2026 National Gun Buyback Program
- Date: 19 December 2025 (announced)
- Location: Australia;
- Type: Gun buyback program
- Motive: Response to the 2025 Bondi Beach shooting
- Target: Surplus, newly banned and illegal firearms
- Organised by: Federal government in partnership with state and territory governments

= 2026 Australia gun buyback program =

Proposed public safety initiative in Australia

On 19 December 2025, Australian prime minister Anthony Albanese announced a proposed national gun buyback program following a terrorist attack at Bondi Beach in Sydney, New South Wales on 14 December 2025.

== Background ==
In 1996, following the Port Arthur massacre, a buyback program was put in place. The program saw the collection of more than 650,000 newly prohibited firearms. During the two years when the program was carried out, 1996 and 1997, the percentage of homicide rates dropped the most in any two-year timeframe in Australia between 1915 and 2004, although the rates increased slightly in 1997, and peaked in 1999 but have declined since 2007.

On 14 December 2025, a mass shooting occurred at Bondi Beach during a Hanukkah celebration with two gunmen allegedly killing fifteen people and injuring forty. The fifteen victims were aged between 10 and 87. One of the gunmen had a firearms licence and was the registered owner of six firearms.

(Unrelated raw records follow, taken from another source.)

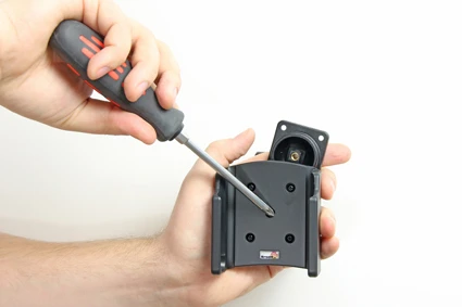 Place the holder over the attaching plate so the tilt swivel fits. Screw the holder onto the attaching plate.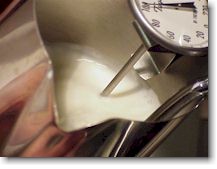 4) Milk temperature is critical. When the milk has reached 80 ºF, push the steam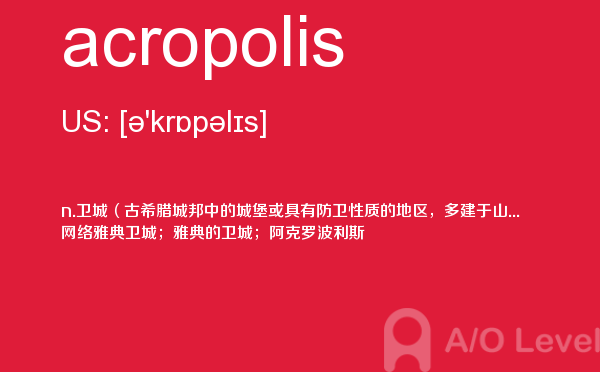 英国a-level学校,从教学质量上来看私立学校更占优势,大部分中国留学生也选择私立学校来读,不过一般都是提前一年来申请学校。中国目前也有20几所a-level学校,每年也同样有走进剑桥牛津等世界顶级大学的学生。所以在国外和在国内都可以选择a-level学校来学习。在前面关于a-level选校的问题已经详细介绍过,那么今天a/o-level考试网小编主要想介绍的是a-level重难点词汇acropolis。希望对大家有帮助。如果您想了解alevel经济学知识点,新加坡o水准a1多少分,alevel课程比较,alevel数学公式表等关于a-level考试的相关资讯,请继续浏览并关注课窝a/o-level考试网。

== New state and territory firearms laws ==
On 15 December 2025, at a National Cabinet meeting, all the state and territory governments agreed to strengthen firearms laws in the wake of the mass shooting. The federal government proposes that state and territory governments agree to ambitious new firearm law reforms no later than March 2026, and that reforms are legislated no later than 1 July 2026.

== Buyback funding ==
The federal government will introduce legislation to support funding the buyback. The cost of the buyback, which is expected to collect hundreds of thousands of firearms, will be split between the federal government and with the state and territory governments. On 20 January, the federal parliament passed laws to establish the funding scheme for the buyback.

== Collection of prohibited firearms ==
The federal government proposes that states and territories be responsible for the collection, processing and payment to individuals for surrendered firearms. The Australian Federal Police will be responsible for the destruction of surrendered firearms.

=== Implementation ===
New South Wales Premier Chris Minns has announced plans to begin the buyback program there on 2 November 2026, with individuals being eligible for up to $1,000 AUD per firearm surrendered. The state also prohibits any individual from owning more than 4 firearms in the wake of the aforementioned Bondi Beach shooting.